De zeemeeuw
De interim manager wordt nogal eens vergeleken met een schreeuwende zeemeeuw. Hij komt schreeuwend aanvliegen, maakt veel rommel, poept de boel onder en vertrekt al schreeuwend weer.
De vergelijking is niet vreemd, hoewel niet altijd terecht.
Terecht is de vergelijking als je een interimmer hebt ingehuurd die inderdaad veel herrie maakt, grote verhalen vertelt met een gezicht van “ik heb alles onder controle en ik ga dit varkentje wel eens eventjes wassen”. Deze interimmer houdt indrukwekkende speeches en organiseert wervelende teamsessies. Het team is (schijnbaar) enthousiast en lijkt grote stappen voorwaarts te zetten.
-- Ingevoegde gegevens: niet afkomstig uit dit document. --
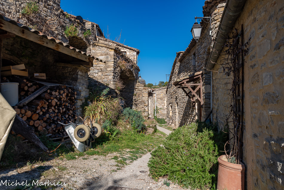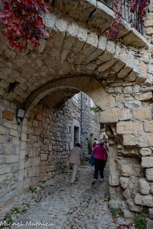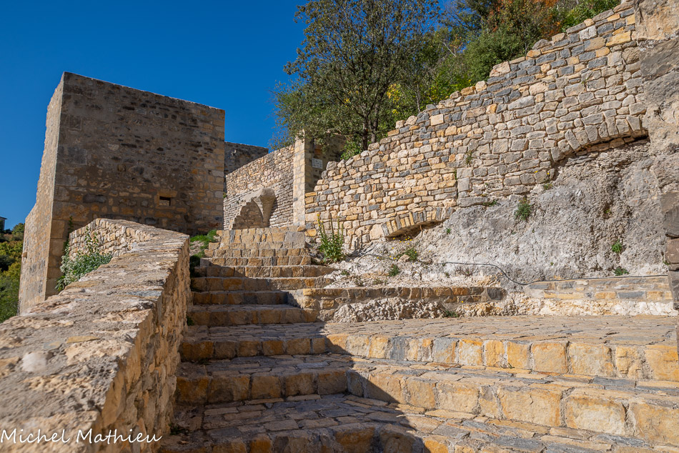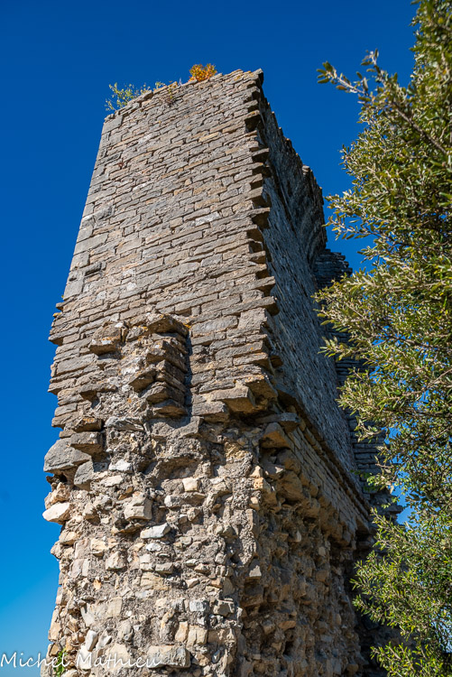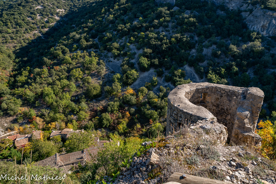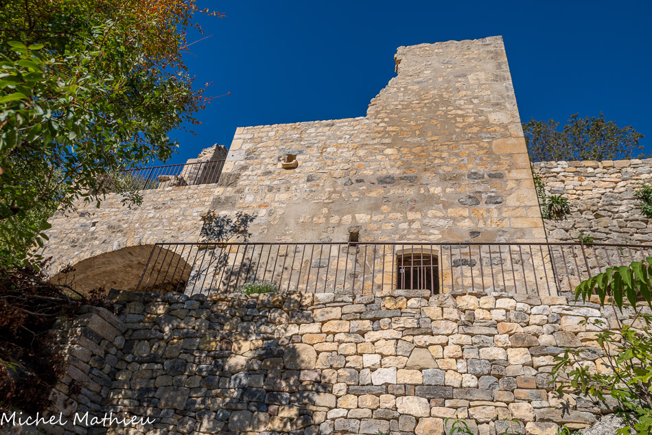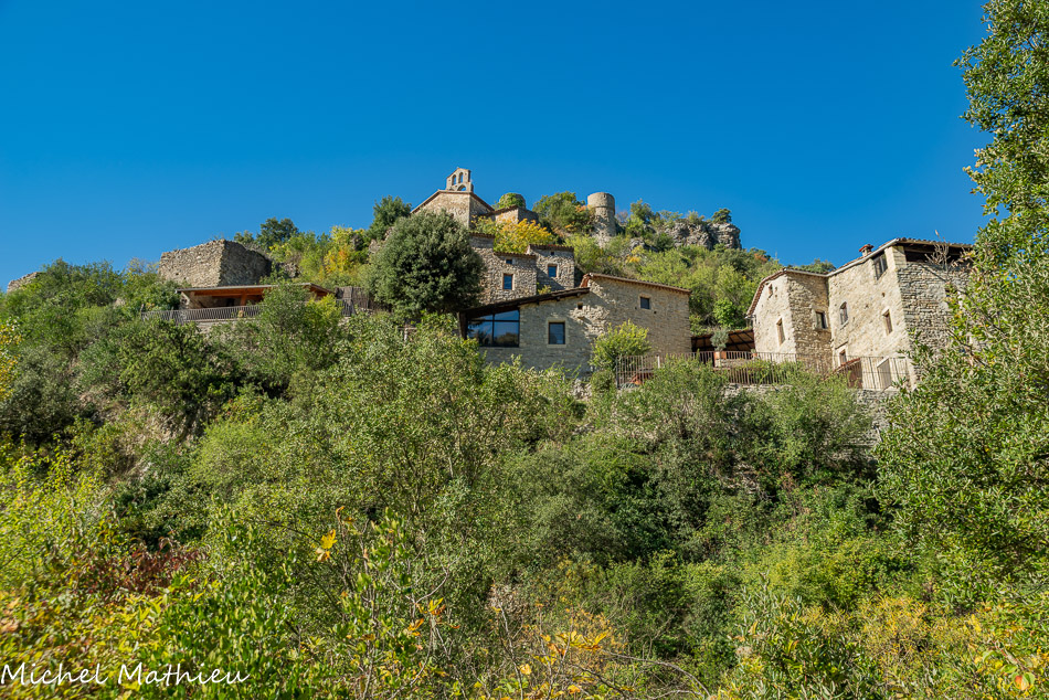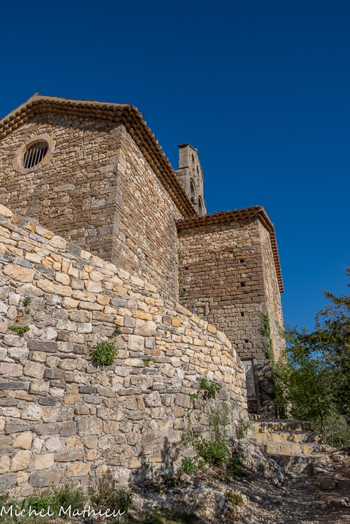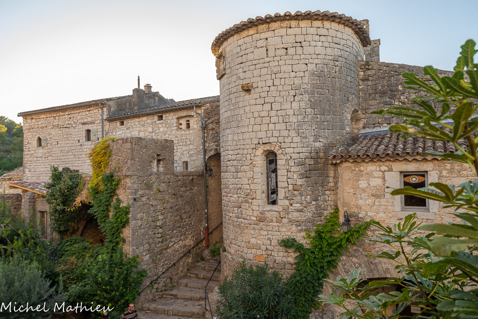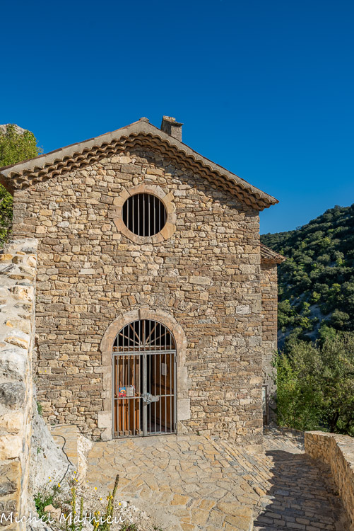 Le vieux village médiéval est accroché à sa colline couverte de garrigue, et la jolie chapelle St Barthélémy, tout comme la tour de l’ancien château, semble tenir délicatement en équilibre tout au-dessus des maisons.
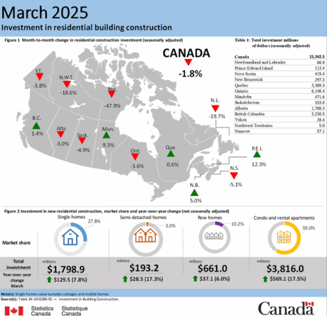 Investment in residential building construction, March 2025. (Statistics Canada)
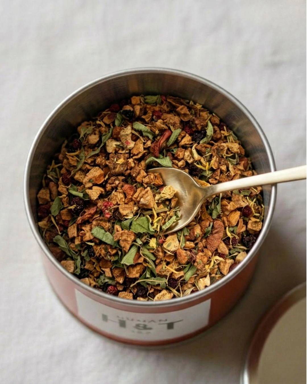 Pomme, arôme naturel, rooibos vert, orange, verveine, feuilles de murier, fleurs, cranberries, groseilles rouges et noires, framboises.
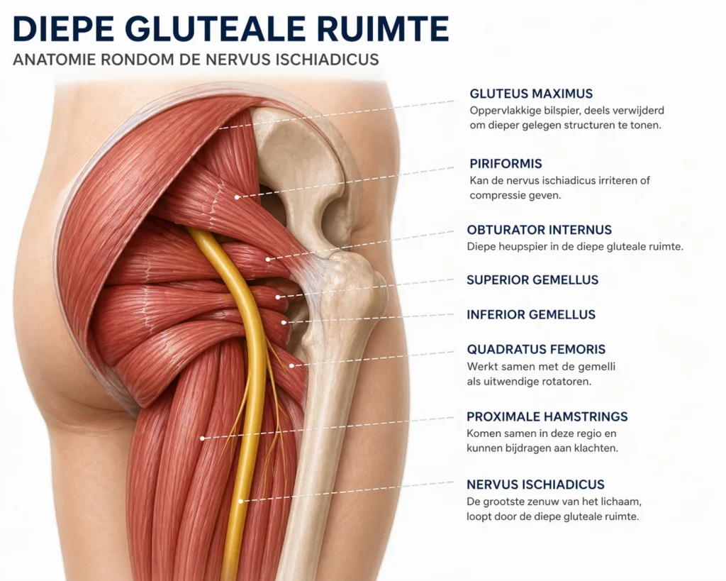Om te begrijpen waarom deze naamsverandering zo belangrijk is, moeten we stilstaan bij wat er zich afspeelt in de diepe gluteale ruimte. Dit is de anatomische regio diep in de bil, achter het heupgewricht, waar de nervus ischiadicus zijn weg moet zien te vinden door een gebied vol verschillende structuren.
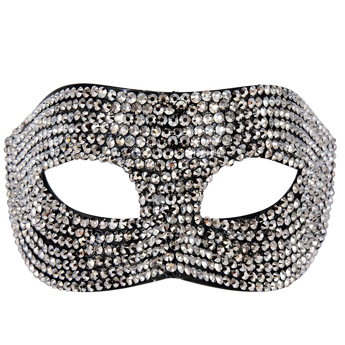 Čierna benátska maska so striebornými zirkónmi.
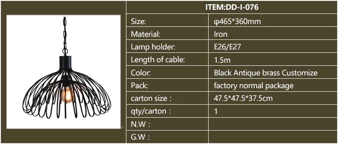 Product description: American style industrial iron pendants,for restaurants, cafeteria, bars and other personalized space
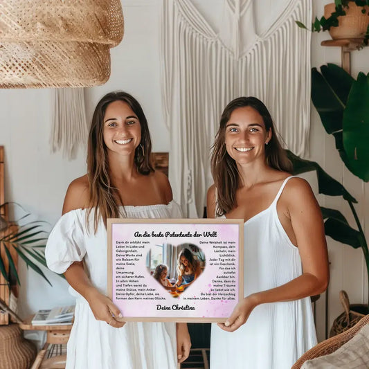 Unsere personalisierten Poster für Patentante sind perfekte Dekorationen für Zuhause. Ob als Fotocollage oder mit einem liebevollen Text – diese Poster sind eine wunderbare Erinnerung.

Na een paar maanden vertrekt de interimmanager. Met hem verdwijnt ook alles wat in gang is gezet. Onderling is al gauw afgestemd dat de plannen niet haalbaar zijn en er toch ook open eindjes aan zitten die niet goed af te hechten zijn.
Wat gaat er verkeerd?
Een interventie van een interim manager zal alleen beklijven als de interventie aansluit bij de organisatiewaarden en ingebed is in de normale werkwijze van een team. Daarbij zal een interventie echt even de tijd moeten krijgen om zich te bewijzen als de interim manager er nog is. Na een paar maanden kan er wezenlijk niets veranderd zijn. Verder ( en dat heeft ook met het eerste punt te maken) moet de manager ná de interimmer ook zijn werk kunnen gaan doen zonder erfenis van een opgeblazen circus.